* **Information**:
◆ ◆ ◆ ◆ ◆
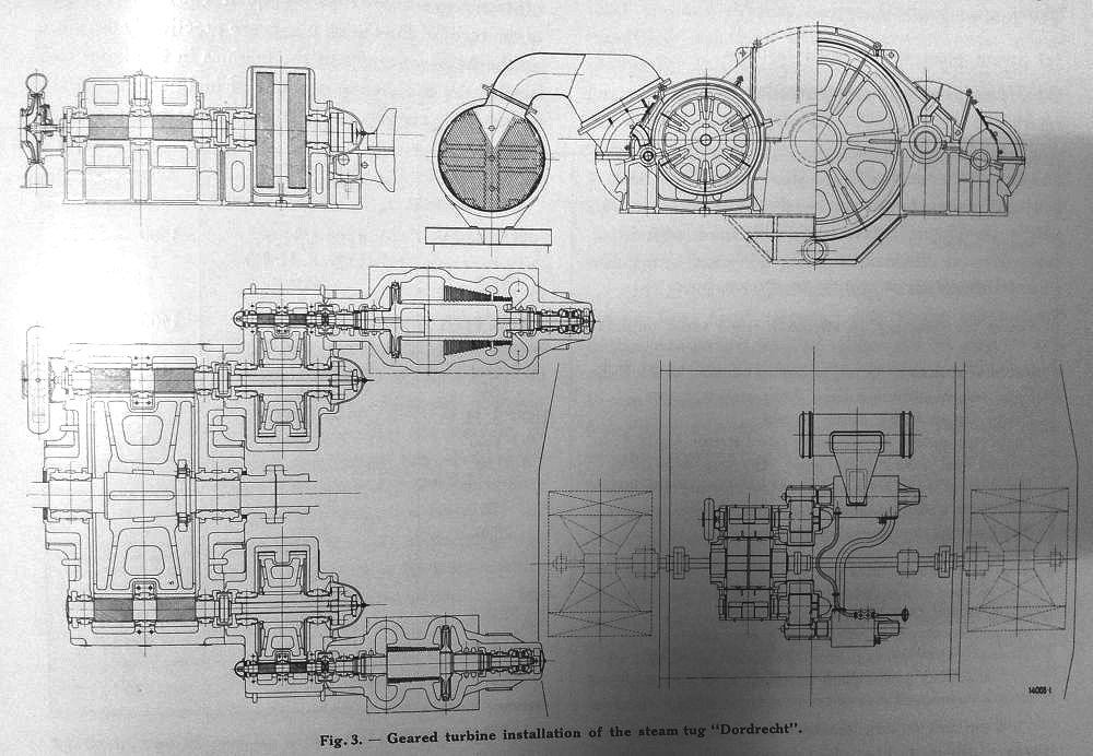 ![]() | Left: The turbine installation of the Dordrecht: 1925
◆ ◆ ◆ ◆ ◆
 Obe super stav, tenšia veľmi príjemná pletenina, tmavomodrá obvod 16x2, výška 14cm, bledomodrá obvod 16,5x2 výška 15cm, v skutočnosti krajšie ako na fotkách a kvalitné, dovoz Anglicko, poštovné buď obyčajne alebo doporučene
◆ ◆ ◆ ◆ ◆
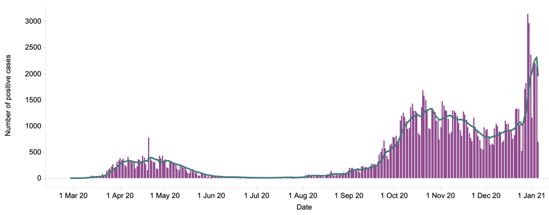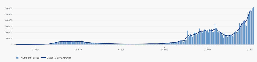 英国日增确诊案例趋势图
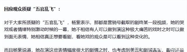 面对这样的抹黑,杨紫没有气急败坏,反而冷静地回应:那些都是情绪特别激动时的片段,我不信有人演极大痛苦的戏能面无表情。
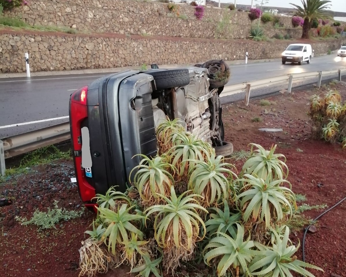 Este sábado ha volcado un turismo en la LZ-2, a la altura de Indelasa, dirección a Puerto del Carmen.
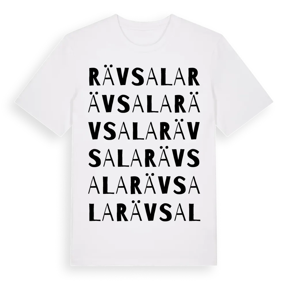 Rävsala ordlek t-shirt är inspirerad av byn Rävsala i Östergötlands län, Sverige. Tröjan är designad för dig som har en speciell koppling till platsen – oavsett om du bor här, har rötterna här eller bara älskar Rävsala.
◆ ◆ ◆ ◆ ◆
* **Work to complete**: Restate the lines above from the one containing "Este sábado ha" through the one containing "Rävsala ordlek t-shirt", inclusive, exactly and without pictures.

* **Task answer**:
 Este sábado ha volcado un turismo en la LZ-2, a la altura de Indelasa, dirección a Puerto del Carmen.
 Rävsala ordlek t-shirt är inspirerad av byn Rävsala i Östergötlands län, Sverige. Tröjan är designad för dig som har en speciell koppling till platsen – oavsett om du bor här, har rötterna här eller bara älskar Rävsala.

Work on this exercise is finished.